During a ship's journey, variable loads are exerted continuously by the waves and sea on a ship's propeller and shaft. These loads are transmitted directly through the shaft system to the engine, causing the engine's governor to increase the amount of fuel injected when the load increases and to reduce the amount of fuel injected when the load decreases, in order to maintain a certain set RPM. This phenomenon implies inefficiency in fuel consumption caused by continuously changing ambient torsional loads deriving from waves, sea-state, random ship pitch motions, winds and gusts, pressures affecting ship's propeller and so on; which become more significant when traveling long distances.
Use of hybrid type ship propulsion can somewhat improve fuel efficiency however its design and use are not intended nor optimal for reducing effects of ambient torsional loads during long journeys and/or prolonged periods of constant engine set RPM. Therefore, there is an ongoing need for improving marine vessel propulsion efficiency, particularly by diminishing effects of ambient torsional loads affecting marine vessel propulsion.
Furthermore, hybrid propulsion systems are considered very costly and require replacing entire propulsion system or entire ship. Therefore, there is an ongoing need for systems and methods configurable to improve efficiency of existing marine vessels and marine vessel propulsion systems while substantially reducing overall costs.
The present disclosure relates to devices and methods for vessel propulsion, and more particularly, but not exclusively, to devices and methods for increasing efficiency in marine vessel propulsion.
The subject matter relates to systems that have torsional load which changes during a cycle. The cycle may be caused by objects external to the system, such as sea waves.

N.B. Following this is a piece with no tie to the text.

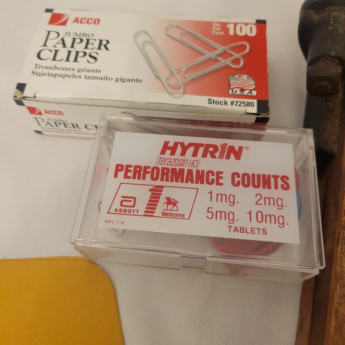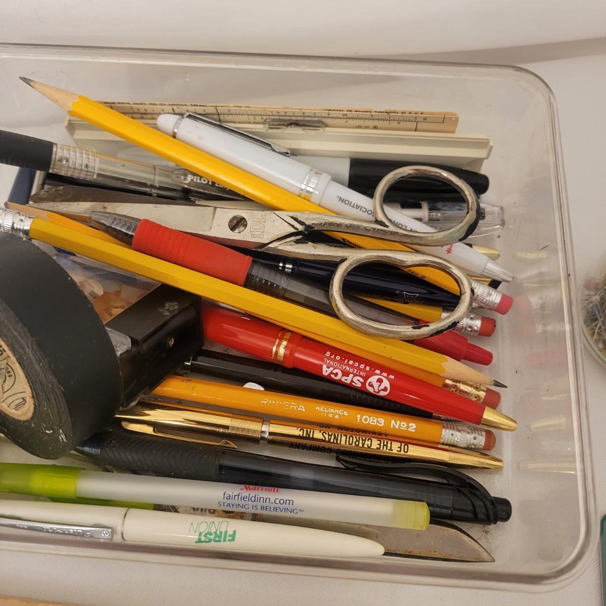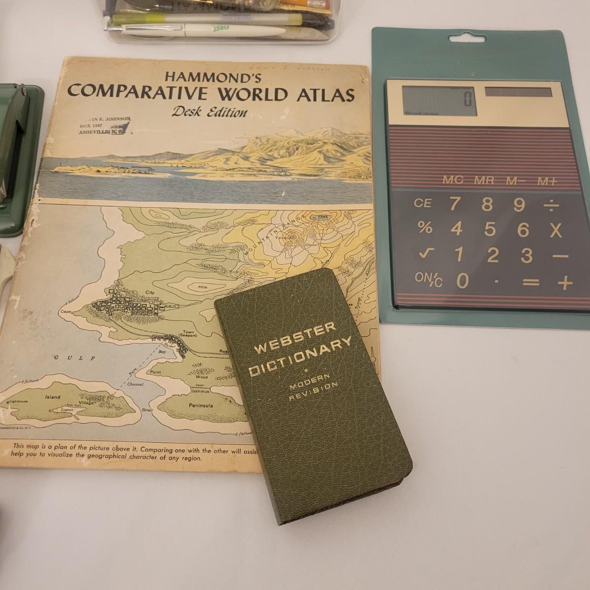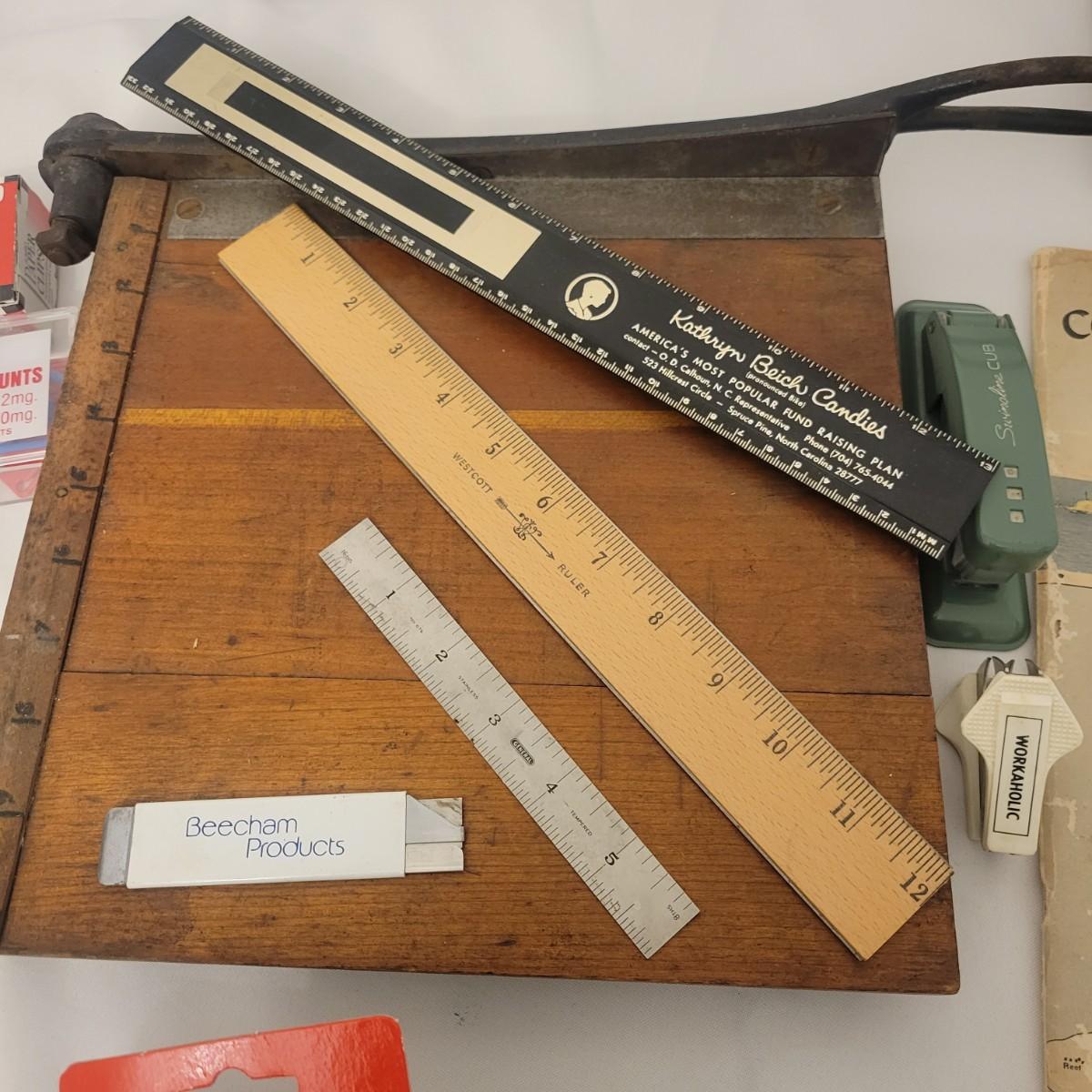 An assortment of office supplies in good condition. Lot includes a vintage paper cutters that measures approximately 11" x 15.5" x 2". Also includes assorted pens, a calculator, hole punch and a Coca-Cola tin and pin. See attached pictures for full inventory. Shipping available

The subject matter relates to the use of produced and/or stored electrical energy for alleviating variations in torsional loads affecting fuel-based marine vessel propulsion systems, thereby conserving fuel, increasing fuel efficiency and/or cutting unnecessary fuel costs.
The subject matter discloses a system for alleviating variations in torsional loads applied to a shaft coupled to a main engine of a marine vessel, said shaft is coupled to a propeller of the marine vessel, the system comprising: an electric motor-generator configured to provide power to the shaft or take out power from the shaft; a controller coupled to the electric motor-generator said controller is configured to execute a set of instructions, comprising: measuring a group of values that are indicative of torsional loads applied on a shaft of the marine vessel over time; creating a time-based series of values that represent a predictive time-based torsional loads on the marine vessel; collecting a group of readings indicative of the amount of power provided by a main engine of the marine vessel; computing an intervention time series of power values to be outputted by the electric motor-generator; wherein the electrical power outputs the intervention time series values of power to the shaft.
In some cases, the instructions further comprise collecting new readings produced by the sensor providing the values indicative of torsional loads of the main engine and inclusive electric motor-generator activity over a wave cycle; determining if the new wave pattern is significantly different from the previous wave pattern; computing a new intervention vector of forces based on the new pattern and applying the new intervention vector of forces on the shaft.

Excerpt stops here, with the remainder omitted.